## Assignment
The reply should hold every line of the data below, unchanged, and none of the pictures.

## Records for processing
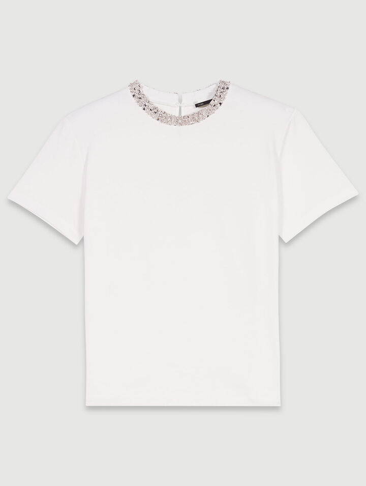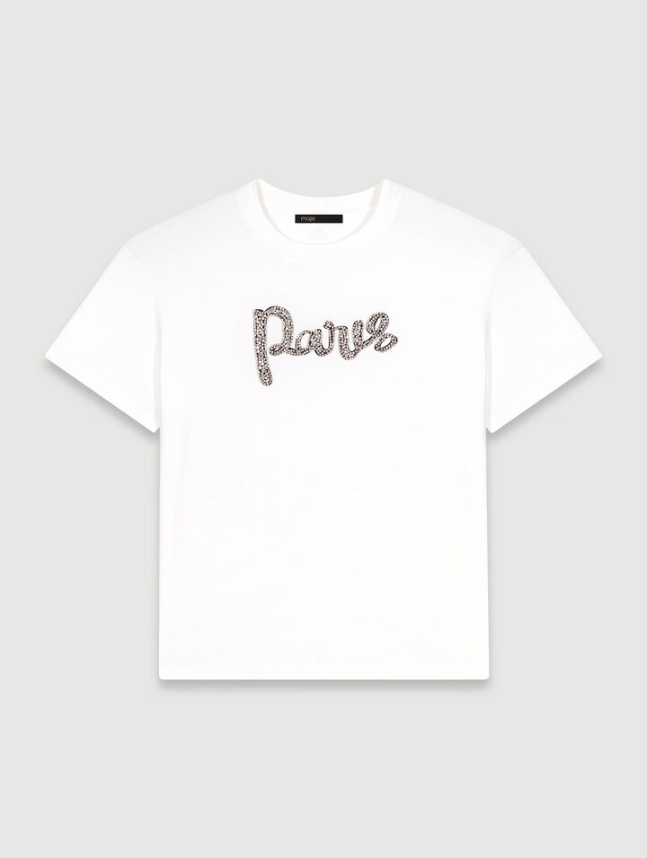 Maje invites you to discover its collection of T-shirts, ranging from those made of organic cotton to those featuring plain colours, prints, rhinestones, cool messages, round necks and V-necks. With or without sleeves, they go great with trousers, jeans, skirts or shorts for a relaxed look, or with a jacket or blazer for a more formal look.
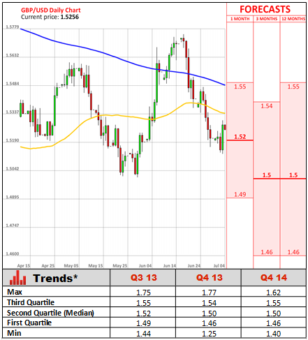 The number of opening of new businesses at the sector climbed at the strongest pace in six years, boosting backlogs and hiring to the highest level since August 2007. Moreover, sentiment stood at the highest in 14 months. Earlier this week data showed that Britain's manufacturing sector expanded at the fastest pace in almost two years, while construction activity improved for a second consecutive month in June, cementing expectations that the recovery is gaining momentum. All these figures are diminishing signs that the BoE may expand its asset-purchase programme or cut its benchmark interest rate during its first policy meeting under Mark Carney leadership.
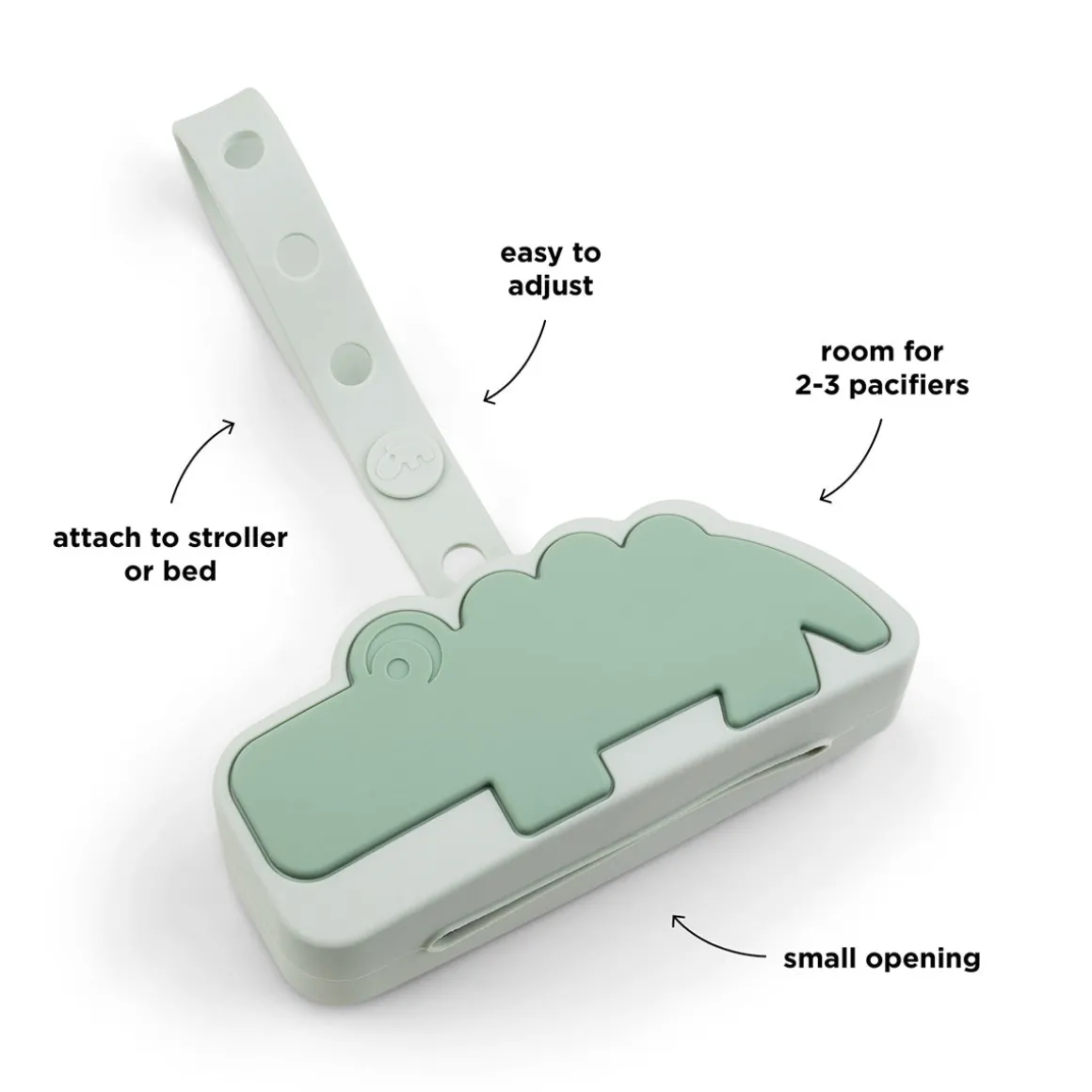 L’étui à sucettes Croco, dans les tons verts, est fabriqué en silicone souple et peut contenir 2 ou 3 sucettes. Doté d’une sangle ajustable permettant de l’attacher facilement à un landau ou à un sac à langer, cet étui garantit que les sucettes de votre bébé restent propres, qu’elles sont accessibles et faciles à trouver.
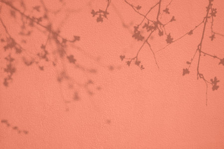 Cherry tree shadows on coral pink concrete wall texture background
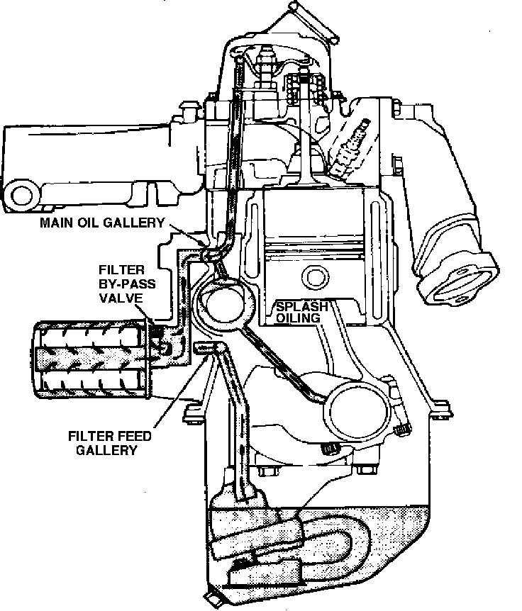 Typical engine oiling system:

## Result of the exercise
 Maje invites you to discover its collection of T-shirts, ranging from those made of organic cotton to those featuring plain colours, prints, rhinestones, cool messages, round necks and V-necks. With or without sleeves, they go great with trousers, jeans, skirts or shorts for a relaxed look, or with a jacket or blazer for a more formal look.
 The number of opening of new businesses at the sector climbed at the strongest pace in six years, boosting backlogs and hiring to the highest level since August 2007. Moreover, sentiment stood at the highest in 14 months. Earlier this week data showed that Britain's manufacturing sector expanded at the fastest pace in almost two years, while construction activity improved for a second consecutive month in June, cementing expectations that the recovery is gaining momentum. All these figures are diminishing signs that the BoE may expand its asset-purchase programme or cut its benchmark interest rate during its first policy meeting under Mark Carney leadership.
 L’étui à sucettes Croco, dans les tons verts, est fabriqué en silicone souple et peut contenir 2 ou 3 sucettes. Doté d’une sangle ajustable permettant de l’attacher facilement à un landau ou à un sac à langer, cet étui garantit que les sucettes de votre bébé restent propres, qu’elles sont accessibles et faciles à trouver.
 Cherry tree shadows on coral pink concrete wall texture background
 Typical engine oiling system:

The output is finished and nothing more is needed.